Sunday, April 24, 2016

How is Jane treated unjustly as a child at Gateshead?

At Gateshead, Mrs. Reed always favors her own three children, Eliza, John, and Georgiania, over the poor relation Jane Eyre. John, especially, torments Jane many times a day, but Mrs. Reed pretends she doesn't see it. As Jane explains:

I had no appeal whatever against either his menaces or his inflictions; the servants did not like to offend their young master by taking my part against him, and Mrs. Reed was blind and deaf on the subject: she never saw him strike or heard him abuse me, though he did both now and then in her very presence, more frequently, however, behind her back.

Events come to a head when John throws a book at Jane, which causes her head to hit the door and start bleeding. Completely fed up with the abuse, Jane attacks John and is punished by being locked in the Red Room. In the Red Room, Jane wonders, Why is she, who always she tries so hard to do what is right, always treated badly? She knows Mrs. Reed dislikes her, and the servants favor the Reed children. She realizes this because they have nothing in common, and she realizes that she doesn't like them any more than they like her.
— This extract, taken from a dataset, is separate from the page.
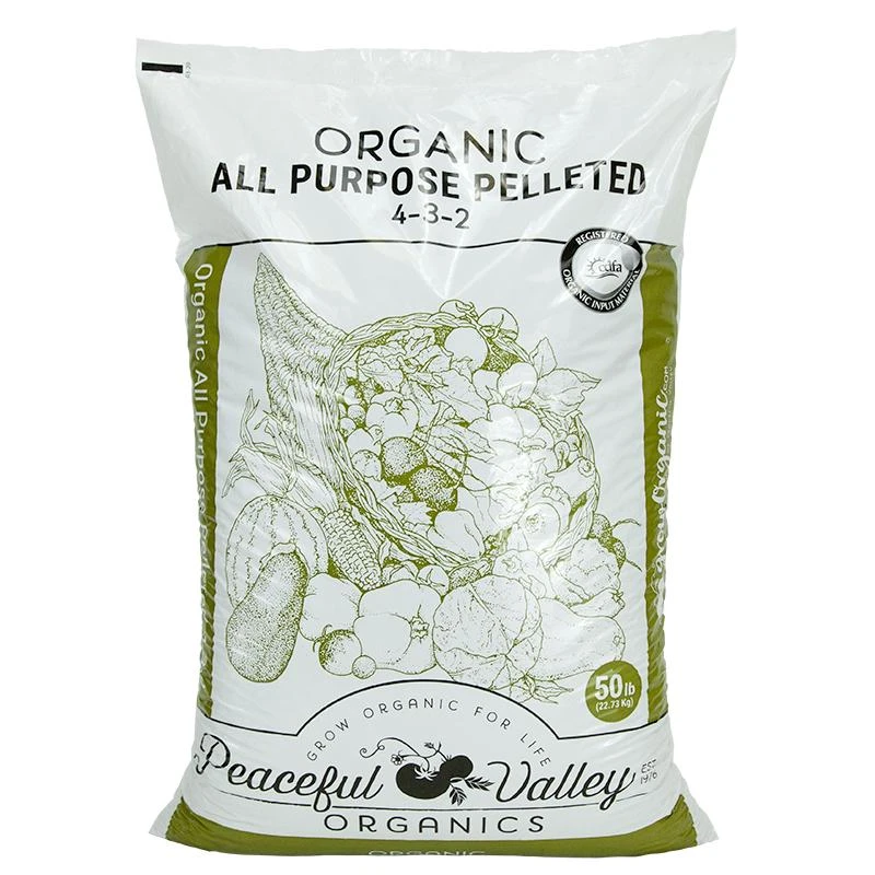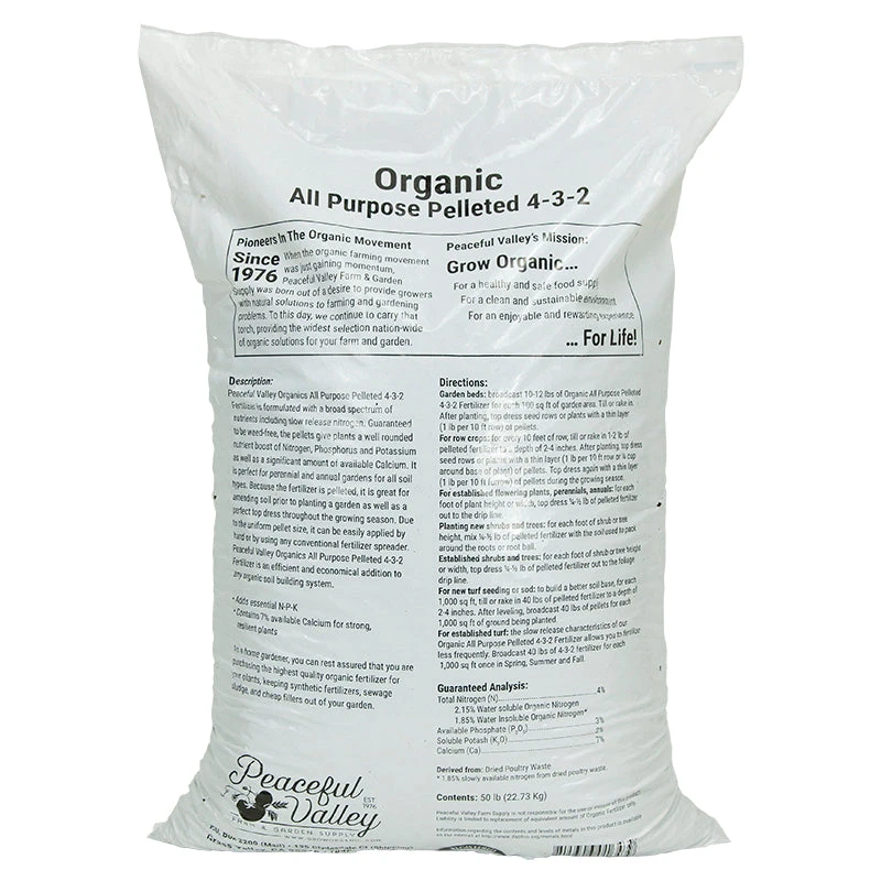 Peaceful Valley Organics All Purpose Pelleted Fertilizer is formulated with a broad spectrum of nutrients including slow release nitrogen. Guaranteed to be weed-free, the pellets give plants a well rounded nutrient boost of nitrogen, phosphorus and potassium as well as a significant amount of available Calcium. It is perfect for perennial and annual gardens for all soil types. Because the fertilizer is pelleted, it is great for amending soil prior to planting a garden as well as a perfect top dress throughout the growing season. Due to the uniform pellet size, it can be easily applied by hand or by using any conventional fertilizer spreader. Peaceful Valley Organics All Purpose Pelleted Fertilizer is an efficient and economical addition to any organic soil building system.

But she also recognizes that if she could have been more like them, she wouldn't have been abused:

I know that had I been a sanguine, brilliant, careless, exacting, handsome, romping child—though equally dependent and friendless—Mrs. Reed would have endured my presence more complacently; her children would have entertained for me more of the cordiality of fellow-feeling; the servants would have been less prone to make me the scapegoat of the nursery.